[Exercise prompt]
Leaving every picture out, please return exactly the lines from the top of the material below through the line with "PP, rouge, parois", both included.

-------- Raw data --------

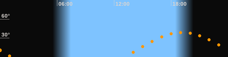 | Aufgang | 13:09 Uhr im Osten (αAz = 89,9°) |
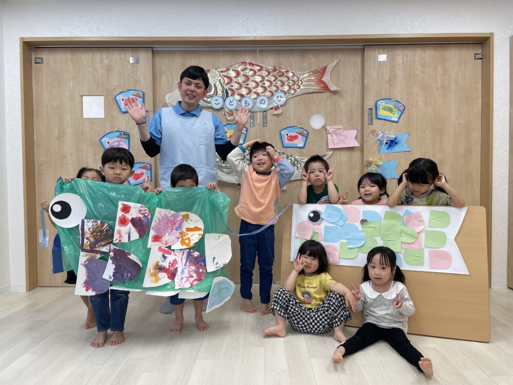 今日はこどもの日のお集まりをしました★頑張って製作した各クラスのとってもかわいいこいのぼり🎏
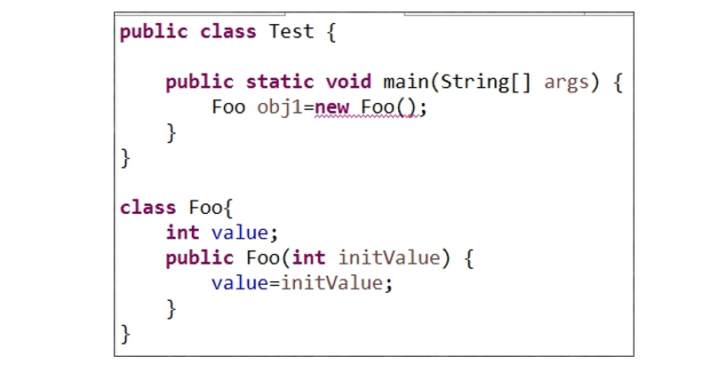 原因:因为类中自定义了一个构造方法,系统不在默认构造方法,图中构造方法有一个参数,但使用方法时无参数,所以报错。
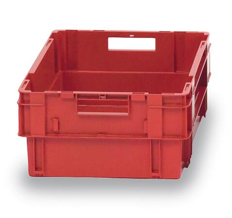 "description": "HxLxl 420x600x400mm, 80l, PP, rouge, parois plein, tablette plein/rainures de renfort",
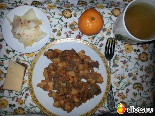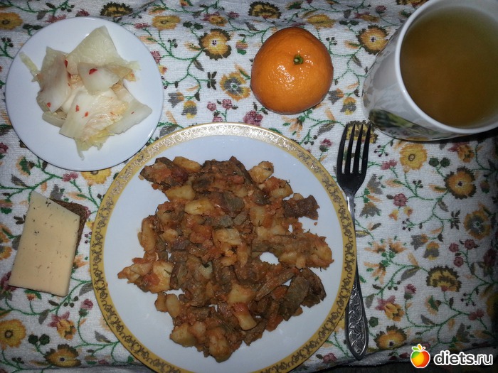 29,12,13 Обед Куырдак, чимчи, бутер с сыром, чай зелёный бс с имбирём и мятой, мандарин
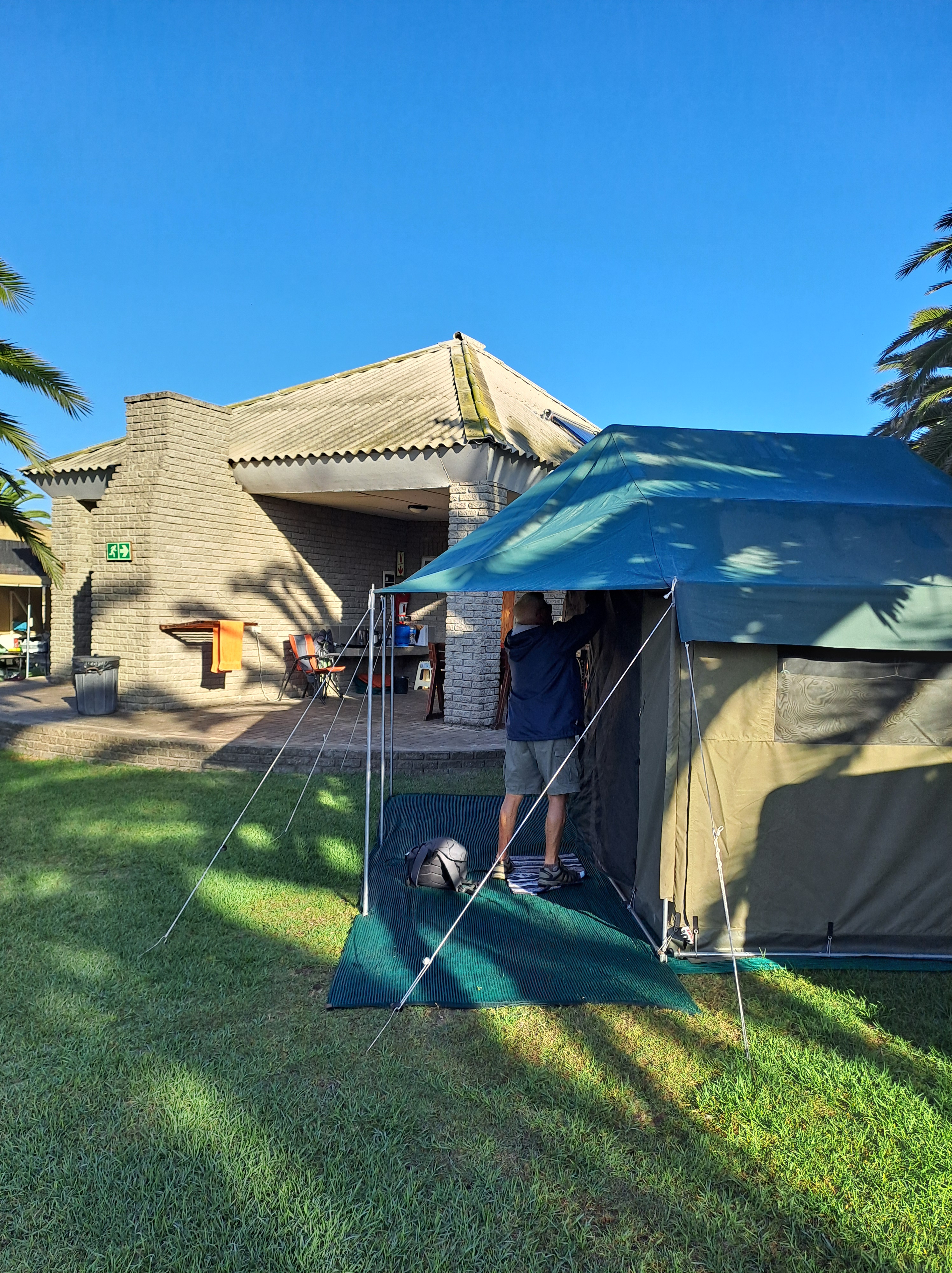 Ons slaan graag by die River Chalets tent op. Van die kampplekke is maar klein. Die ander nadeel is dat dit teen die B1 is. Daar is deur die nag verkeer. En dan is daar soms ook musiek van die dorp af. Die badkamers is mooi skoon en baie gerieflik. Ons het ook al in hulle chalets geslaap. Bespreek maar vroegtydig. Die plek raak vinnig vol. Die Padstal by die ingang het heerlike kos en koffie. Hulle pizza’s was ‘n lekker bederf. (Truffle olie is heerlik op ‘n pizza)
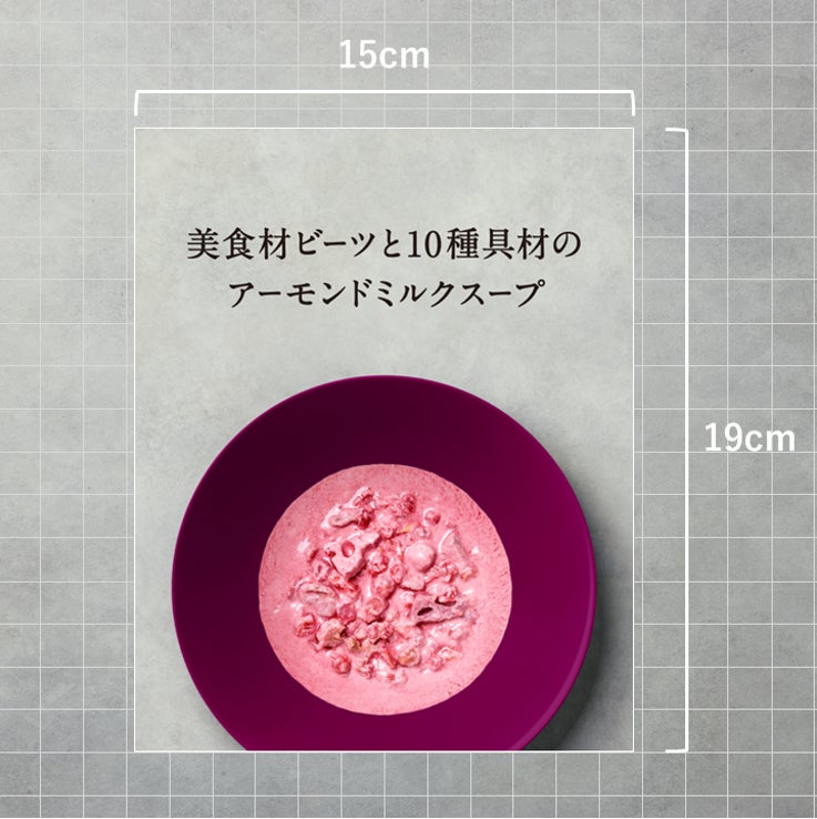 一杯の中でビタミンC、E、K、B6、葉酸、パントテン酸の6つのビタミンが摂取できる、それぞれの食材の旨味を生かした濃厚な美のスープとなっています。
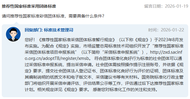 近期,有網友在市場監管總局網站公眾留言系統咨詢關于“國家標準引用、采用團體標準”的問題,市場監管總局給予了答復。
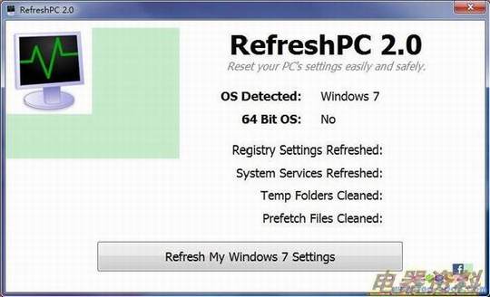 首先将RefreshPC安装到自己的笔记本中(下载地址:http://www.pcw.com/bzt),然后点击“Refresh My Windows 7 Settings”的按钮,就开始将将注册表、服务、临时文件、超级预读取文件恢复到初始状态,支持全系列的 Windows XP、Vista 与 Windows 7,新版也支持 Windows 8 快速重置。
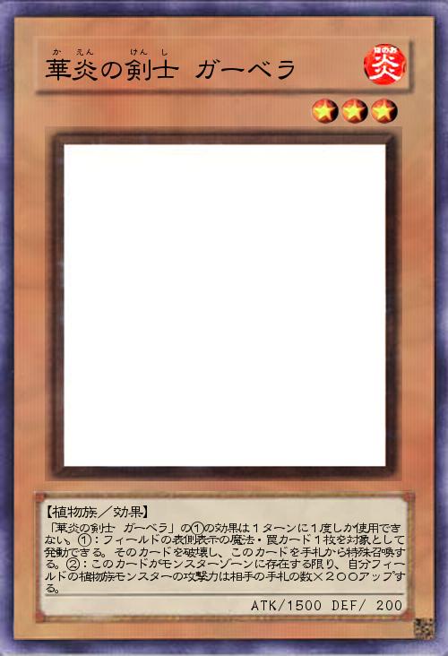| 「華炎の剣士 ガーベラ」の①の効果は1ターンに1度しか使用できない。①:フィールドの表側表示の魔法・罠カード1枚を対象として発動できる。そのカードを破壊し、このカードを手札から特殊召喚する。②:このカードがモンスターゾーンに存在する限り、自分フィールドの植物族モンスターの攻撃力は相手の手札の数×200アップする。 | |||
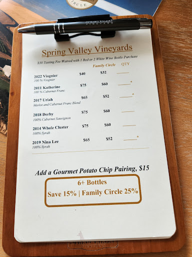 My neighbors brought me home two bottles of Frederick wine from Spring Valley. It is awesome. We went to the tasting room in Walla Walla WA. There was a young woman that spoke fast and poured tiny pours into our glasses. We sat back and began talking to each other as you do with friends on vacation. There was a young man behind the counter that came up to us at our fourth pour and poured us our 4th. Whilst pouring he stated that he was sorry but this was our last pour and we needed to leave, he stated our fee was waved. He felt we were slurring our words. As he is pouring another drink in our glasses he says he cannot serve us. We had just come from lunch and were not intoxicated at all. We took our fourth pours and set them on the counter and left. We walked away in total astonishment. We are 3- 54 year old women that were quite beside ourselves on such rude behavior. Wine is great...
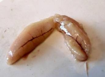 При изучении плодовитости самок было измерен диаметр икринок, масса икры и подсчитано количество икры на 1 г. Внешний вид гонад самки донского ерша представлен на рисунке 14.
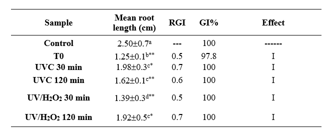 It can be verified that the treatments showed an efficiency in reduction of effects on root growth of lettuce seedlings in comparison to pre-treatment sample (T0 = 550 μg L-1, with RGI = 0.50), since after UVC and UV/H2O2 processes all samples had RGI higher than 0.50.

--------

[Your solution]
 | Aufgang | 13:09 Uhr im Osten (αAz = 89,9°) |
 今日はこどもの日のお集まりをしました★頑張って製作した各クラスのとってもかわいいこいのぼり🎏
 原因:因为类中自定义了一个构造方法,系统不在默认构造方法,图中构造方法有一个参数,但使用方法时无参数,所以报错。
 "description": "HxLxl 420x600x400mm, 80l, PP, rouge, parois plein, tablette plein/rainures de renfort",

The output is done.